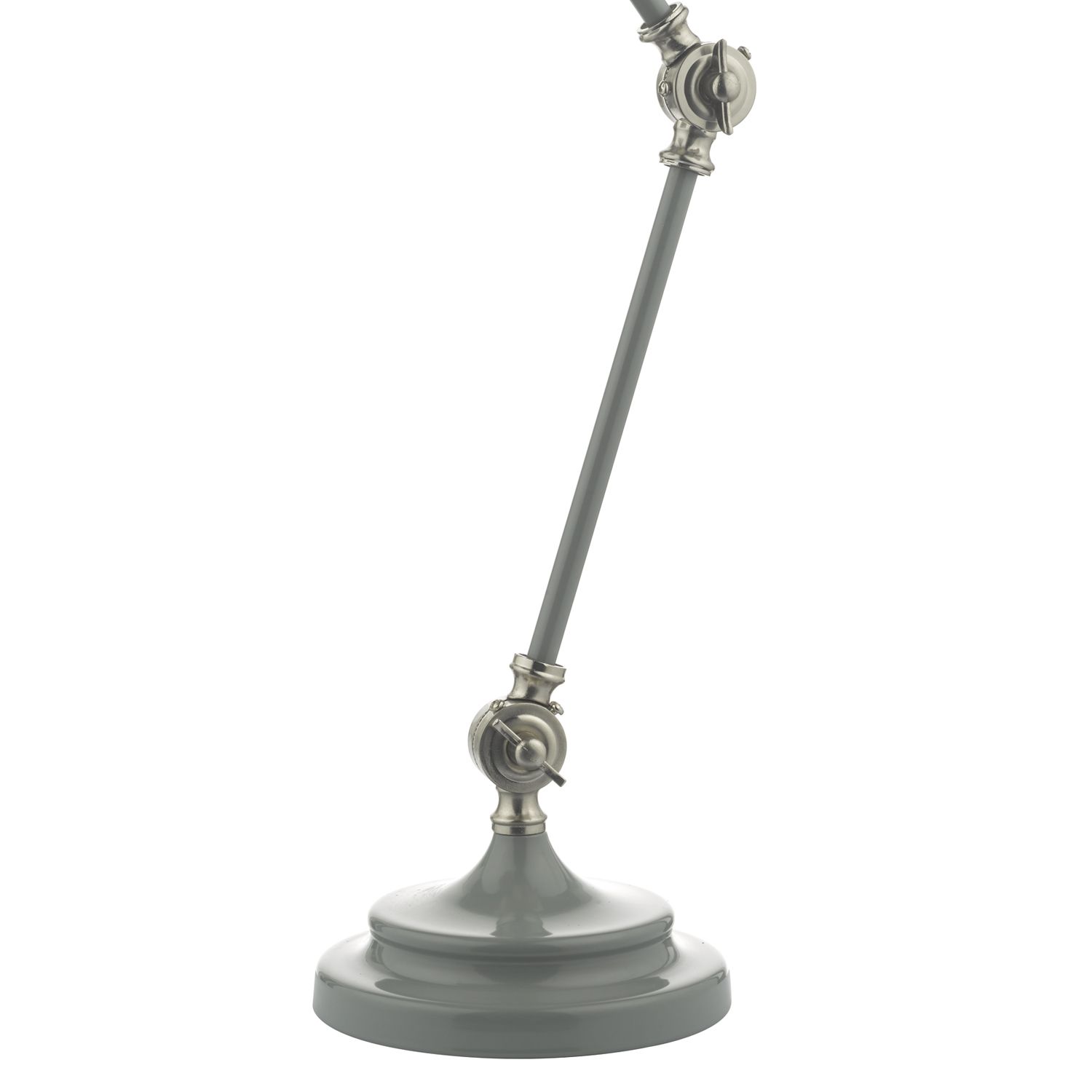 The Eunice Task Lamp features an adjustable head and arm that can be altered at the base and middle, allowing you to adapt the angle of the lamp and direct the light. Complete with satin nickel finished metalwork and a grey braided cable. Ideal for offices and studies or for adding a modern aesthetic to you living space.
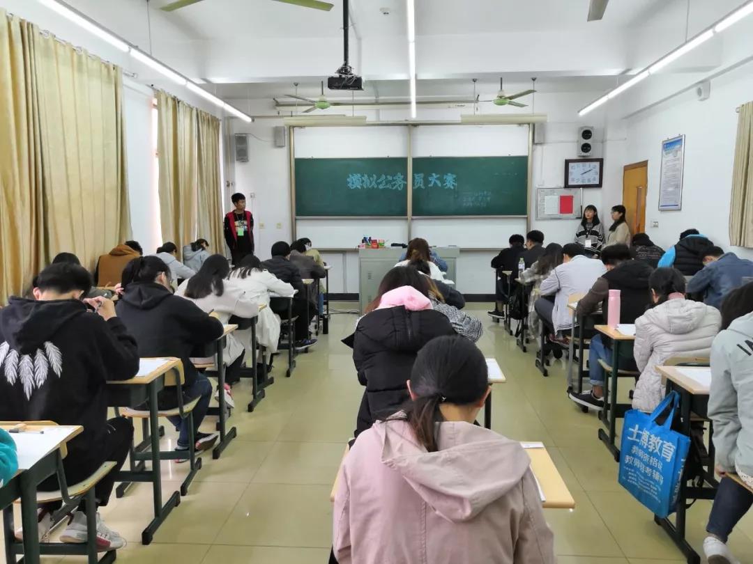 为增强员工对公务员考试的了解,培养员工的应试能力,丰富实践教学活动,公司于11月7日、8日进行了公务员考试笔试环节模拟比赛,11月15日进行了面试环节模拟比赛。公司党总支书记蔡永清等六位资深教师担任面试环节模拟比赛评委。
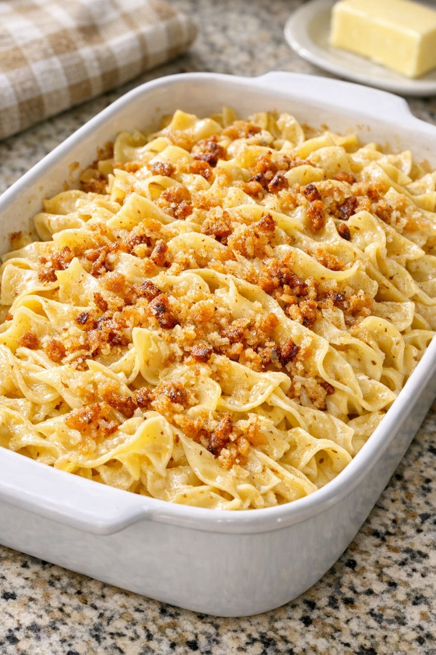 For picky eaters, keep the base recipe as-is and serve any extras on the side so they can choose what to add. To make it more of a full meal, stir in 1–2 cups of cooked, shredded chicken, ham, or browned ground beef after baking, then pop it back in the oven for 5–10 minutes to warm through. If you’d like a little color and veggies, you can scatter 1–2 cups of frozen peas or mixed vegetables over the uncooked noodles before pouring on the soup mixture; they’ll cook right along with the noodles. For extra richness, swap half of the milk for heavy cream. If you prefer a bit of a crust on top, remove the foil at the end, sprinkle with crushed butter crackers or plain bread crumbs mixed with a little melted butter, and bake until golden. To lighten it up slightly, use 2% milk and reduce the butter to 1/4 cup; the texture will be a bit less rich but still creamy. Leftovers reheat well with a splash of milk to loosen the sauce, making it a good make-ahead option for busy school nights.
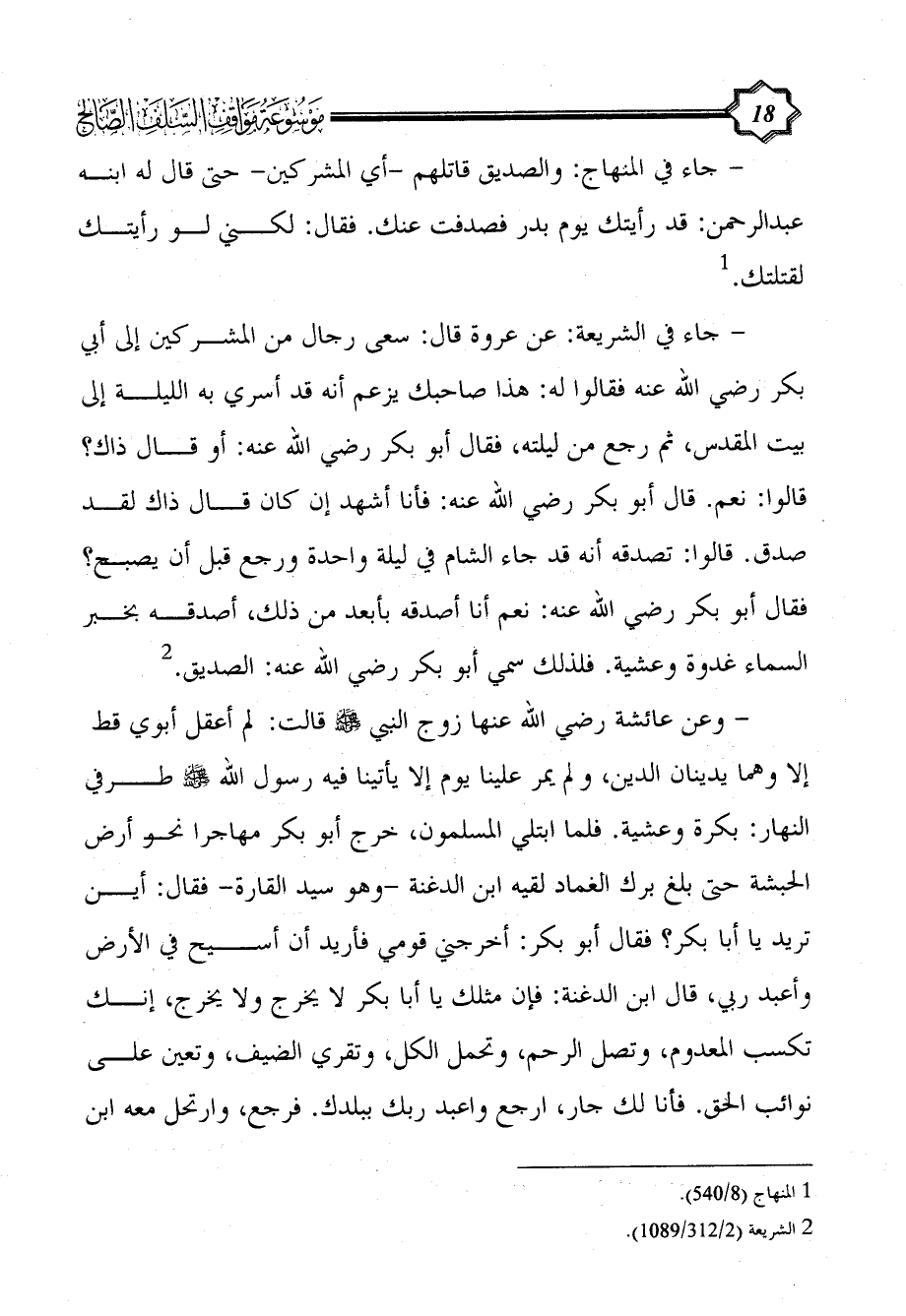 - جاء في المنهاج: والصديق قاتلهم -أي المشركين- حتى قال له ابنه عبد الرحمن: قد رأيتك يوم بدر فصدفت عنك. فقال: لكني لو رأيتك لقتلتك. (¬1)
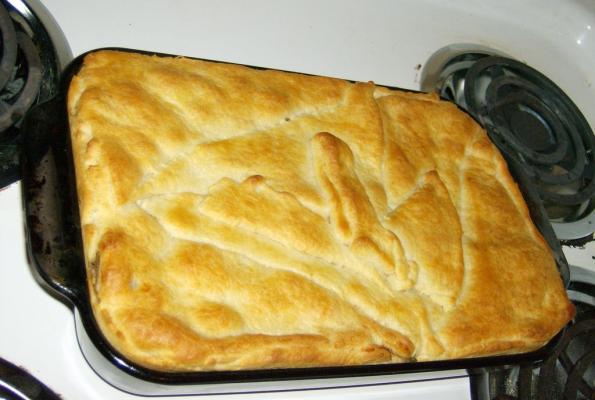I really improvised with this recipe, but it came out really good. I like pot pie's, but they take annoying long to make with having to make a pie crust, roll it out, etc. I really like the premise of the easy biscuit top in this recipe. I used a regular drop biscuit recipe and just kind of plopped and spread it accross the top and it worked perfectly. For veggies I used potatoes, carrots, celery, and broccoli becuase that is what I had. There wasn't much liquid left after simmering my veggies, so I just left in with the veggies when I poured them in the casserole dish and made up my gravy with a new batch of broth...it was perfectly saucy this way.
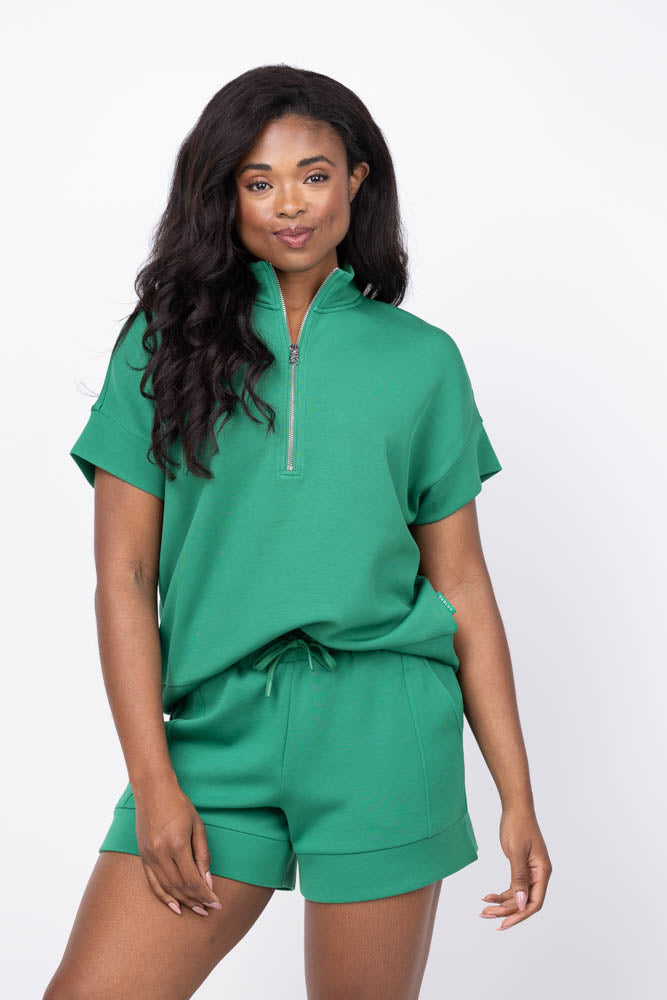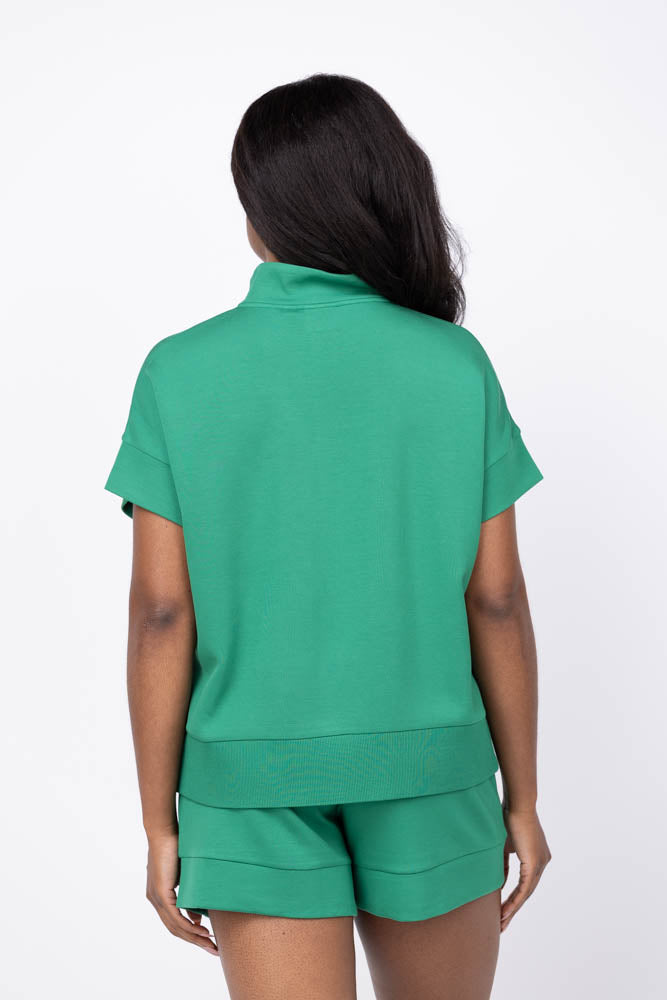 Experience effortless style and comfort with the Varley Ritchie Short Sleeve Sweat in Verdant Green. Designed for a relaxed fit, this piece features short sleeves, a mock neck, and a convenient half-zip for easy layering. Perfectly paired with matching shorts and pants, it offers a versatile look that transitions seamlessly from casual outings to cozy days at home.
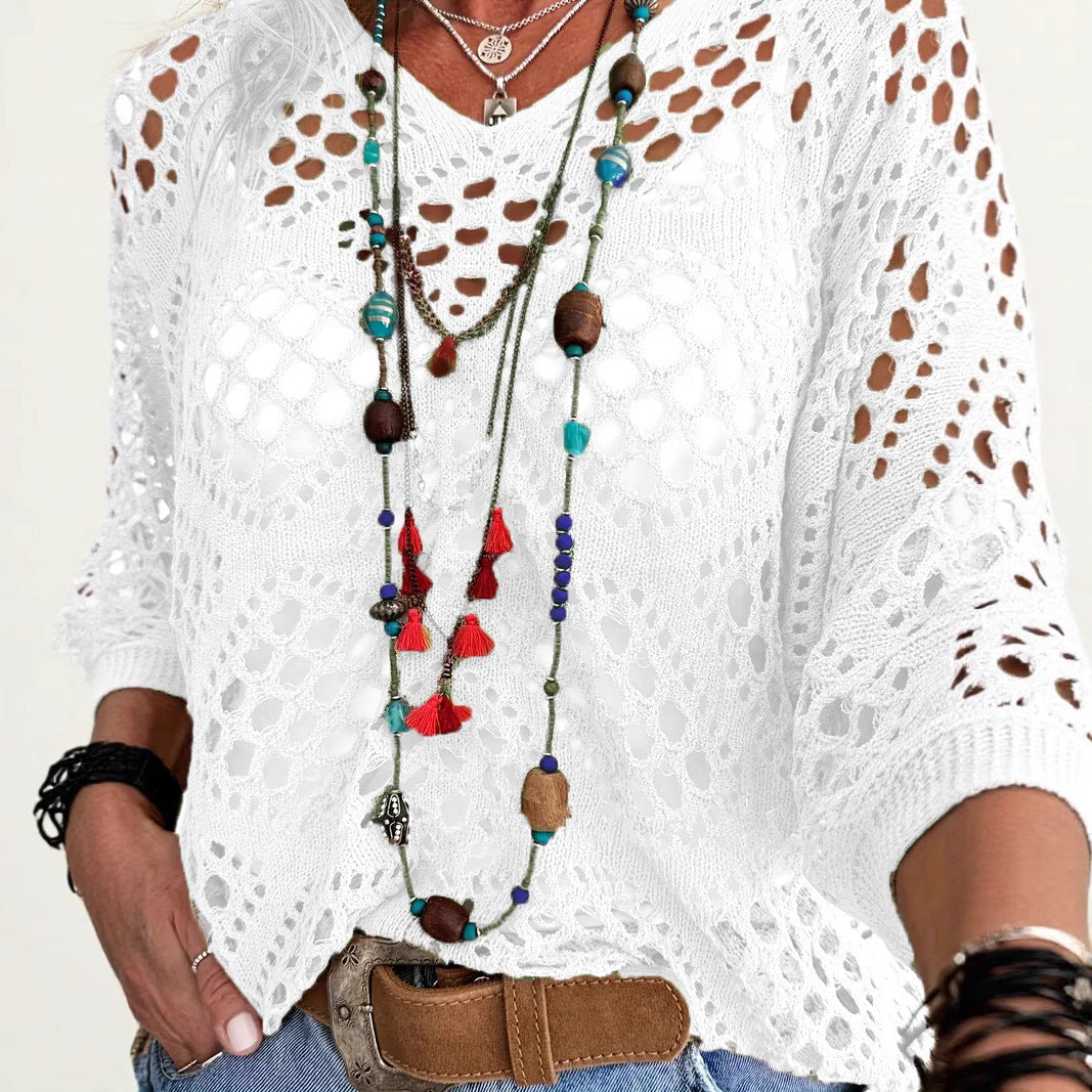V-neck Diamond Hollow Bat Sleeve Women's Sweater
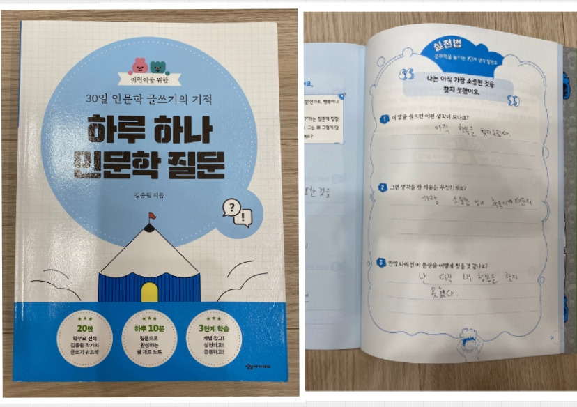 둘째의 필사 글을 보다 보면 생각이 늘 하나로 통하고 있음을 알게 된다. 오늘 아이가 본 인문학 워크북인 ‘하루 하나 인문학 질문’ 을 보는데 이 질문에 답한 아이의 글이 왠지 슬퍼 보여 글을 읽으며 따라가 본다. 내게 가장 소중한 것이 아이에게도 같은 행복이라는 것이 그리운 거구나. 진정한 행복으로 가는 나의 길이 과연 어디일까. 아이는 이처럼 매일 자신의 길을 꾸준한 걸음으로 스스로 떠나간다.
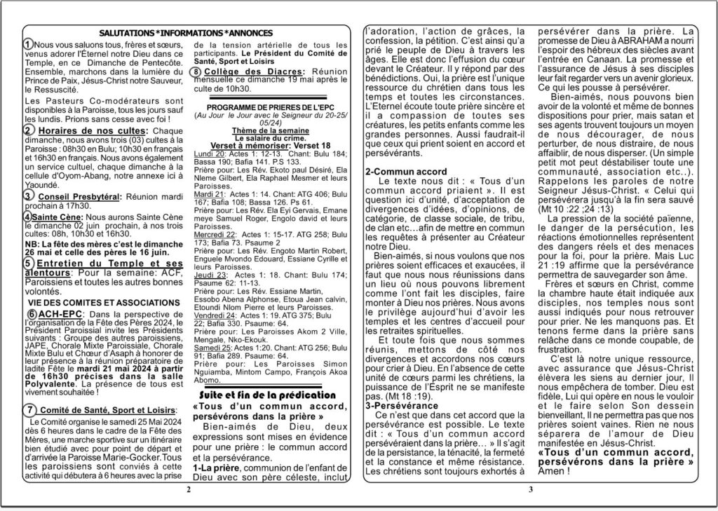 • Abstract de la prédication du dimanche 29 mars 2026 à la Paroisse Marie Gocker au culte de 10 h 30 par le Pasteur Bessala Mbesse
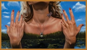 Adorning her neck she wears a necklace holding 3 small mementos, a shell, a bird, and a  token. Each charm represents the aspects of life we hold dear, including the comforts of home, our connection to nature, and the optimism of looking towards the future. Worn close to her heart, these symbols reflect the human longing for belonging and love.

══════

**What to do:** Could you return each line, unchanged, from the line containing "Experience effortless style" through the last line of the entries above, leaving out the pictures?

**Answer area:**
 Experience effortless style and comfort with the Varley Ritchie Short Sleeve Sweat in Verdant Green. Designed for a relaxed fit, this piece features short sleeves, a mock neck, and a convenient half-zip for easy layering. Perfectly paired with matching shorts and pants, it offers a versatile look that transitions seamlessly from casual outings to cozy days at home.
V-neck Diamond Hollow Bat Sleeve Women's Sweater
 둘째의 필사 글을 보다 보면 생각이 늘 하나로 통하고 있음을 알게 된다. 오늘 아이가 본 인문학 워크북인 ‘하루 하나 인문학 질문’ 을 보는데 이 질문에 답한 아이의 글이 왠지 슬퍼 보여 글을 읽으며 따라가 본다. 내게 가장 소중한 것이 아이에게도 같은 행복이라는 것이 그리운 거구나. 진정한 행복으로 가는 나의 길이 과연 어디일까. 아이는 이처럼 매일 자신의 길을 꾸준한 걸음으로 스스로 떠나간다.
 • Abstract de la prédication du dimanche 29 mars 2026 à la Paroisse Marie Gocker au culte de 10 h 30 par le Pasteur Bessala Mbesse
 Adorning her neck she wears a necklace holding 3 small mementos, a shell, a bird, and a  token. Each charm represents the aspects of life we hold dear, including the comforts of home, our connection to nature, and the optimism of looking towards the future. Worn close to her heart, these symbols reflect the human longing for belonging and love.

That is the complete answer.